*EXERCISE OBJECTIVE*
Transcribe exactly, and without pictures, the lines from the one that contains "成為大師首個時尚合作對象就是環保時尚代表 Stella McCartney,兩者合作推出一個名為" through the last line of the material.

****************************************

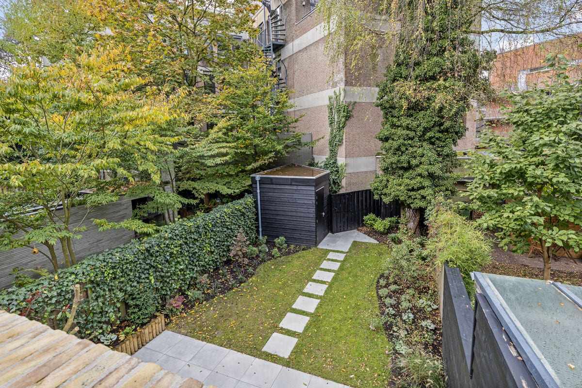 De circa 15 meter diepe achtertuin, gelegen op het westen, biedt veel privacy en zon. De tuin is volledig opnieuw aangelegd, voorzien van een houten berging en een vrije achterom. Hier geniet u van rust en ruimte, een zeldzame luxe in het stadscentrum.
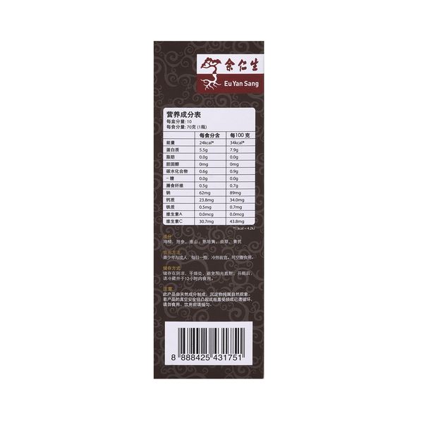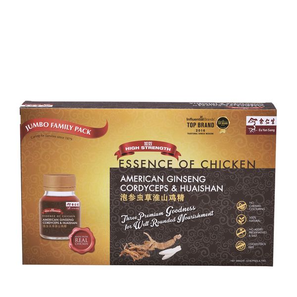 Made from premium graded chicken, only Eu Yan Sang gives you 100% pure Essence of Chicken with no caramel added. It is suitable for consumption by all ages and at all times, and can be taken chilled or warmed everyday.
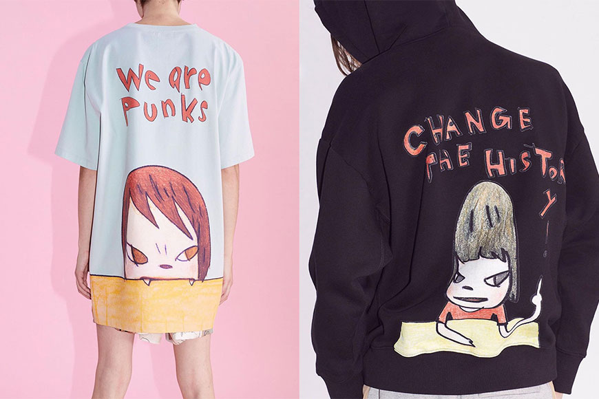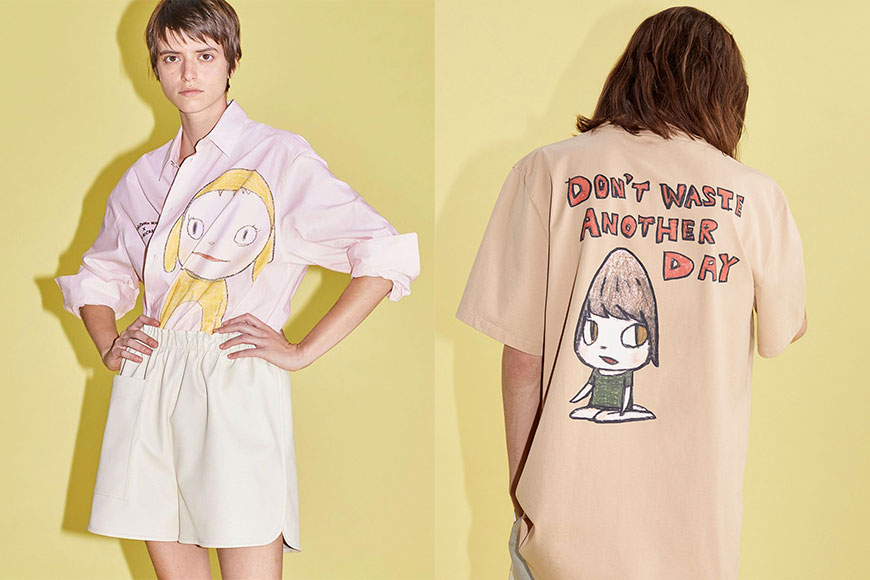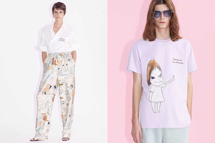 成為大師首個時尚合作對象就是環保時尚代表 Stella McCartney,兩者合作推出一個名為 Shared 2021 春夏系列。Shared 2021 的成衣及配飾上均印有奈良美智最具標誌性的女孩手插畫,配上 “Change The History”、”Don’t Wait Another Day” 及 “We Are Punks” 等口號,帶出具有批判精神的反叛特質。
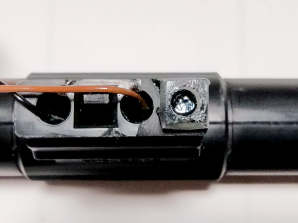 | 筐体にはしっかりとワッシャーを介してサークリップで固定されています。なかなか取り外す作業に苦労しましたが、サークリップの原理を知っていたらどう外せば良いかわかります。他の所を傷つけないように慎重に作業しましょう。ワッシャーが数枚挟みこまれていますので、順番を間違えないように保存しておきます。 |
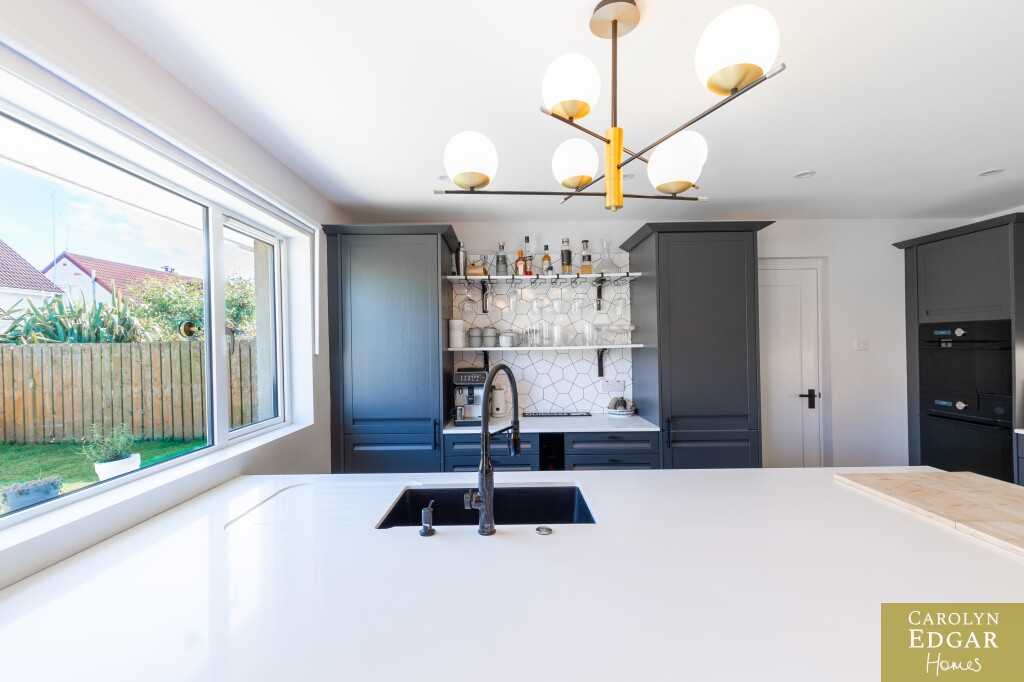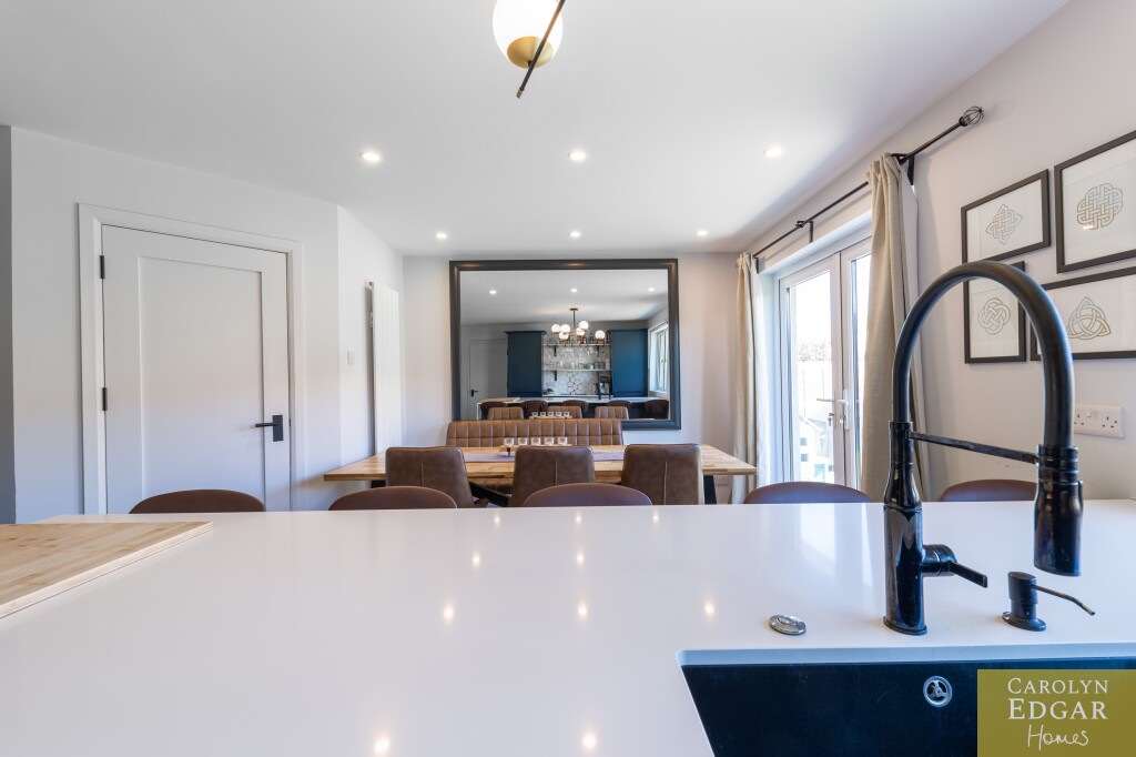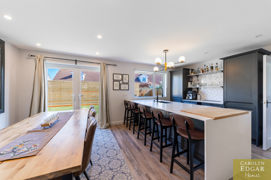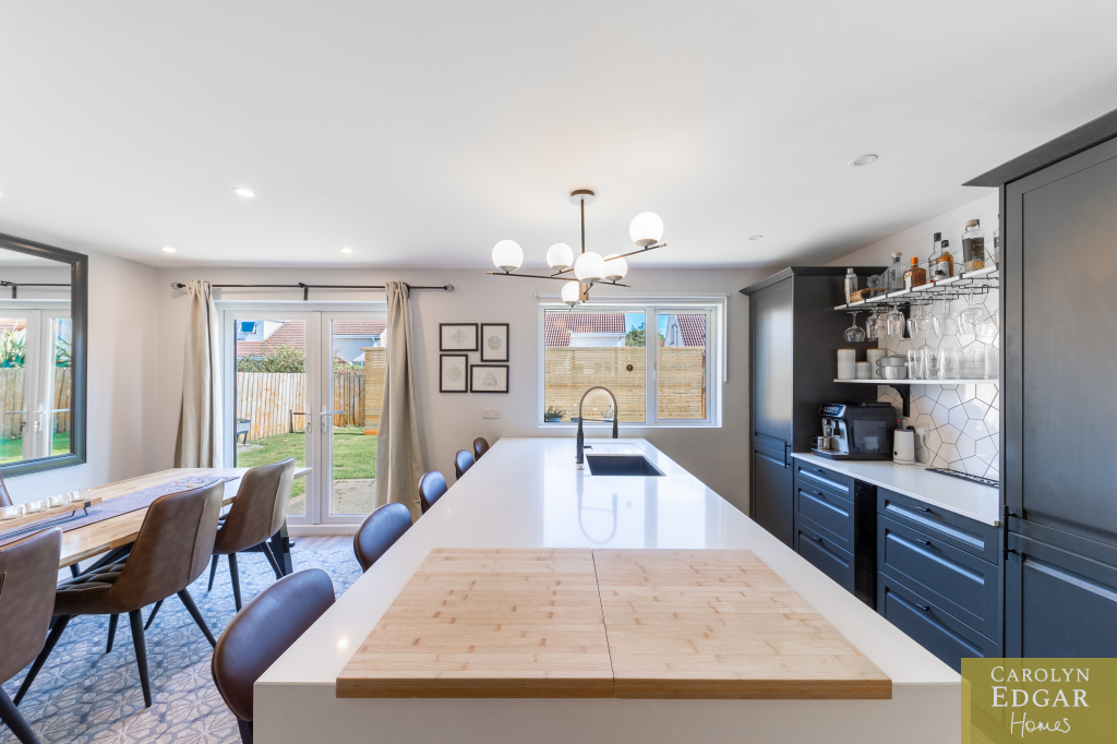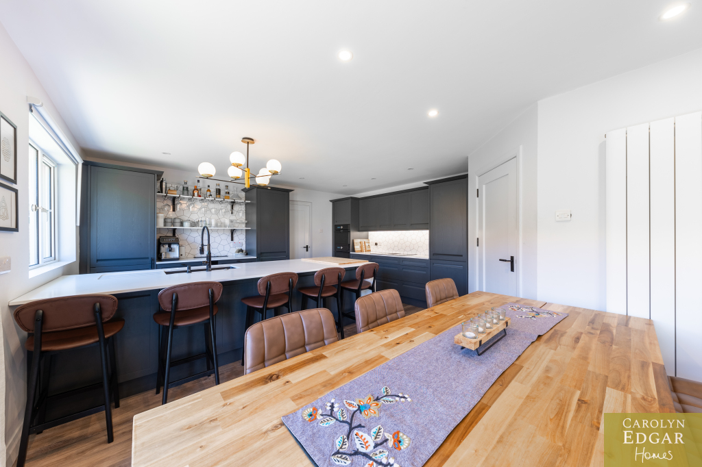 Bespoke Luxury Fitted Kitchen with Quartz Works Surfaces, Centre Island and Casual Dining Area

****************************************

*TASK ANSWER*
 成為大師首個時尚合作對象就是環保時尚代表 Stella McCartney,兩者合作推出一個名為 Shared 2021 春夏系列。Shared 2021 的成衣及配飾上均印有奈良美智最具標誌性的女孩手插畫,配上 “Change The History”、”Don’t Wait Another Day” 及 “We Are Punks” 等口號,帶出具有批判精神的反叛特質。
 | 筐体にはしっかりとワッシャーを介してサークリップで固定されています。なかなか取り外す作業に苦労しましたが、サークリップの原理を知っていたらどう外せば良いかわかります。他の所を傷つけないように慎重に作業しましょう。ワッシャーが数枚挟みこまれていますので、順番を間違えないように保存しておきます。 |
 Bespoke Luxury Fitted Kitchen with Quartz Works Surfaces, Centre Island and Casual Dining Area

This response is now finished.